What you have to do —
Your reply should be the whole listing, copied exactly, with the pictures left out.

##########

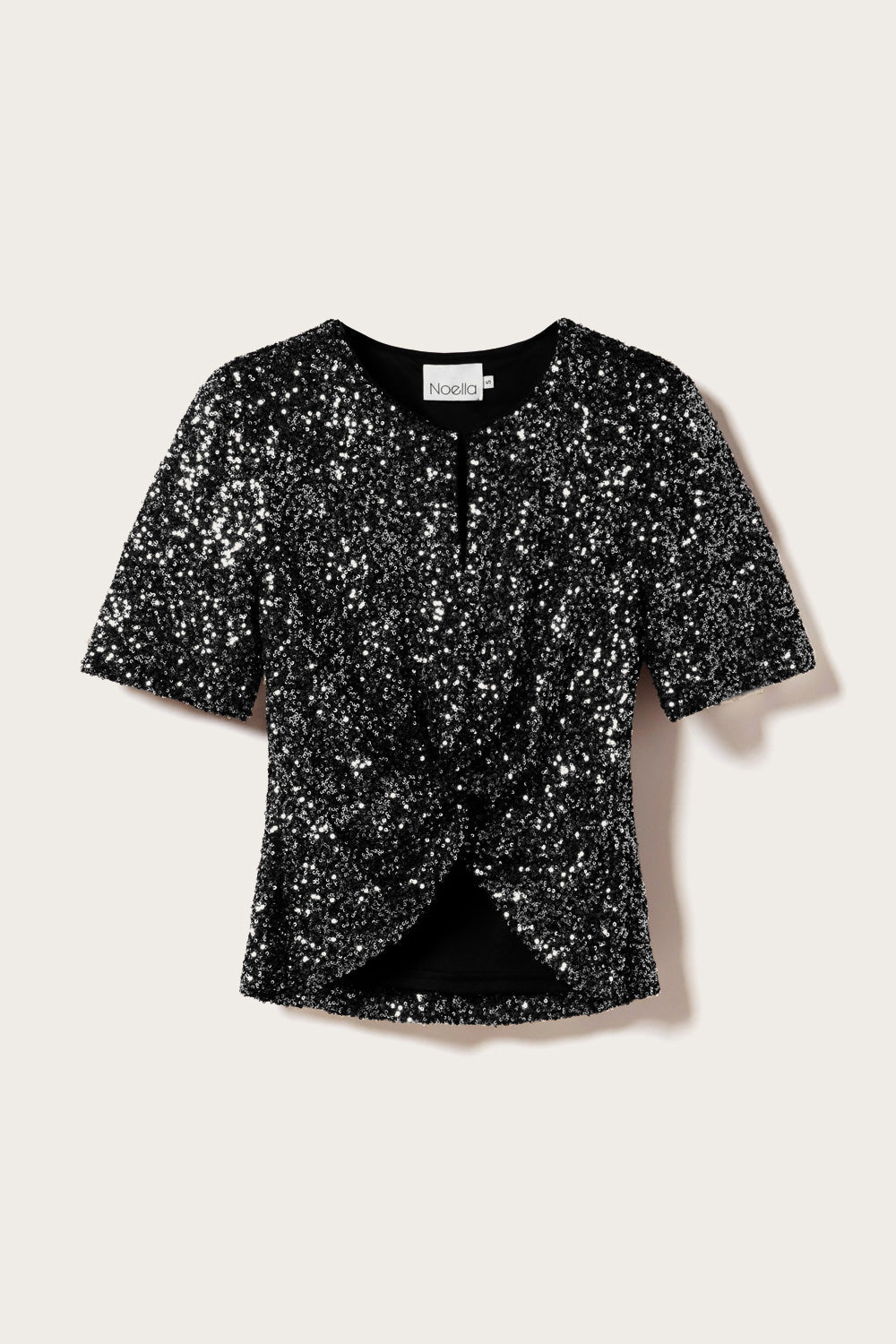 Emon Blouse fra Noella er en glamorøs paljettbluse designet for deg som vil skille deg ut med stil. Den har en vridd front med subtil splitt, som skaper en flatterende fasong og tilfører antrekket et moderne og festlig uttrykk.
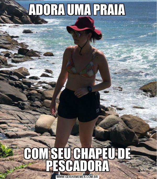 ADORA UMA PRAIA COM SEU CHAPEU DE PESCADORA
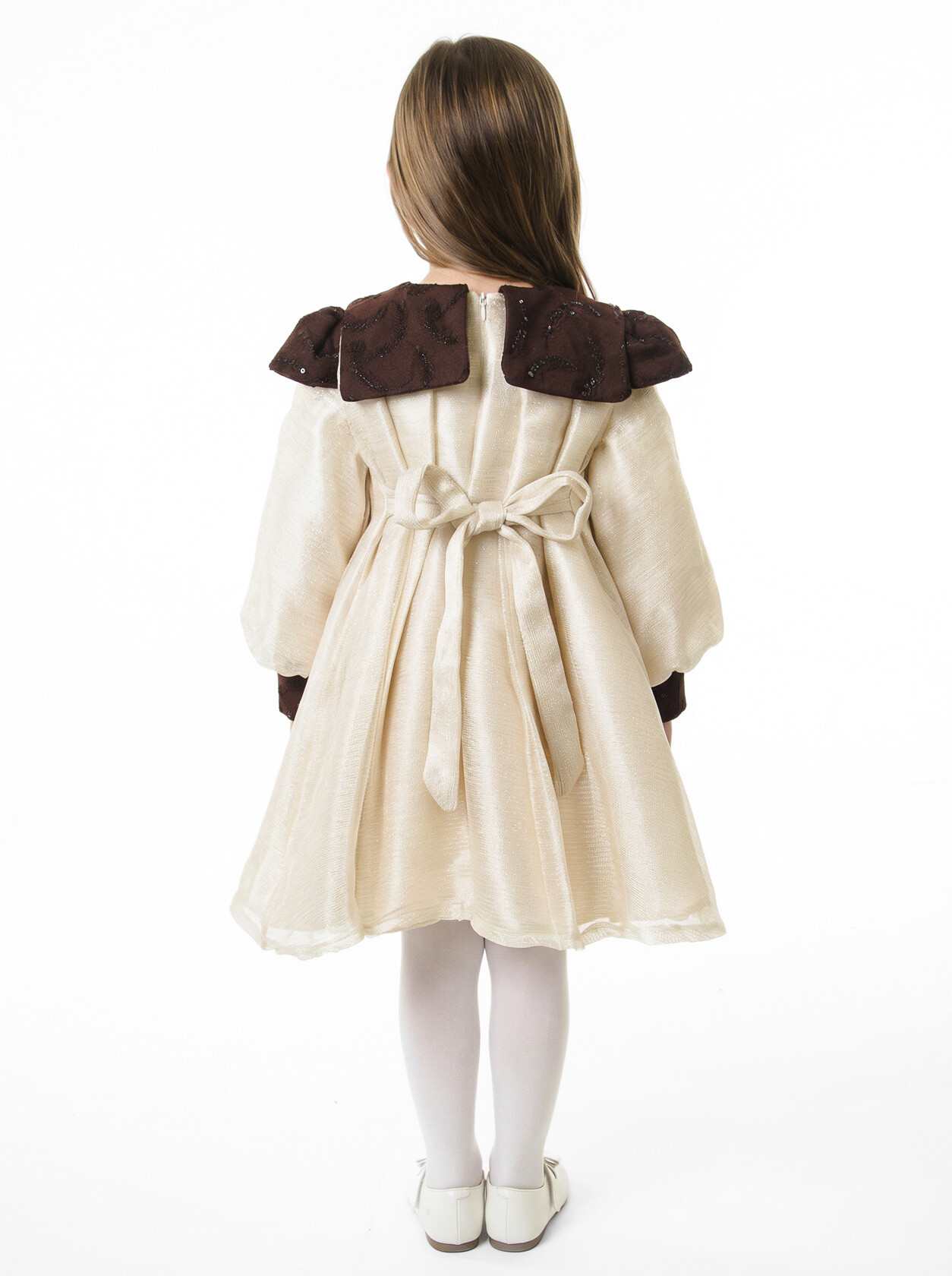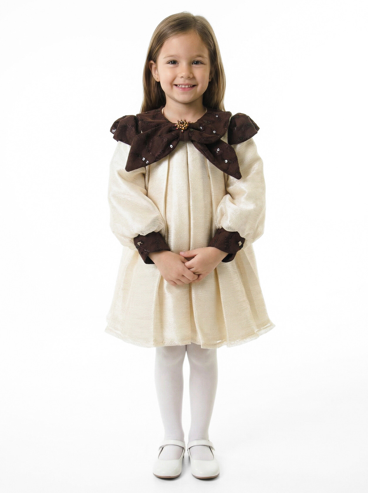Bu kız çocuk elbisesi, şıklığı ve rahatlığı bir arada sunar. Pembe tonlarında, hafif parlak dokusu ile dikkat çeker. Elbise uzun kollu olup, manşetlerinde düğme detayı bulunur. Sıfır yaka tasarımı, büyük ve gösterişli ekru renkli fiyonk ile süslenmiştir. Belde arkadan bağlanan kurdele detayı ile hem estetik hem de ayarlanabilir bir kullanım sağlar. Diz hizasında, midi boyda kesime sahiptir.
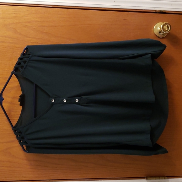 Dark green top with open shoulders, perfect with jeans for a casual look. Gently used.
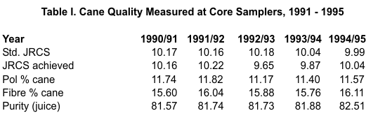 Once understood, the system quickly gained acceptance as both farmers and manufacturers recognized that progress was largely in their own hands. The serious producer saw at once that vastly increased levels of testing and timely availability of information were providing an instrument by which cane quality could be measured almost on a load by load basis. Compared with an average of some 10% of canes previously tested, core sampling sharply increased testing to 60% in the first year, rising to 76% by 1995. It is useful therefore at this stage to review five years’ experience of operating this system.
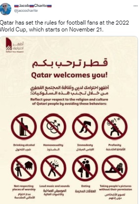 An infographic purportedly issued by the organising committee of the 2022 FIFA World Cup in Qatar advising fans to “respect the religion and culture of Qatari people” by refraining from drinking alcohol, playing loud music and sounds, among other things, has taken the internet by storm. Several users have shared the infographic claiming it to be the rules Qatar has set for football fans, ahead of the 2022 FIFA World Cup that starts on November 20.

##########

Result —
 Emon Blouse fra Noella er en glamorøs paljettbluse designet for deg som vil skille deg ut med stil. Den har en vridd front med subtil splitt, som skaper en flatterende fasong og tilfører antrekket et moderne og festlig uttrykk.
 ADORA UMA PRAIA COM SEU CHAPEU DE PESCADORA
Bu kız çocuk elbisesi, şıklığı ve rahatlığı bir arada sunar. Pembe tonlarında, hafif parlak dokusu ile dikkat çeker. Elbise uzun kollu olup, manşetlerinde düğme detayı bulunur. Sıfır yaka tasarımı, büyük ve gösterişli ekru renkli fiyonk ile süslenmiştir. Belde arkadan bağlanan kurdele detayı ile hem estetik hem de ayarlanabilir bir kullanım sağlar. Diz hizasında, midi boyda kesime sahiptir.
 Dark green top with open shoulders, perfect with jeans for a casual look. Gently used.
 Once understood, the system quickly gained acceptance as both farmers and manufacturers recognized that progress was largely in their own hands. The serious producer saw at once that vastly increased levels of testing and timely availability of information were providing an instrument by which cane quality could be measured almost on a load by load basis. Compared with an average of some 10% of canes previously tested, core sampling sharply increased testing to 60% in the first year, rising to 76% by 1995. It is useful therefore at this stage to review five years’ experience of operating this system.
 An infographic purportedly issued by the organising committee of the 2022 FIFA World Cup in Qatar advising fans to “respect the religion and culture of Qatari people” by refraining from drinking alcohol, playing loud music and sounds, among other things, has taken the internet by storm. Several users have shared the infographic claiming it to be the rules Qatar has set for football fans, ahead of the 2022 FIFA World Cup that starts on November 20.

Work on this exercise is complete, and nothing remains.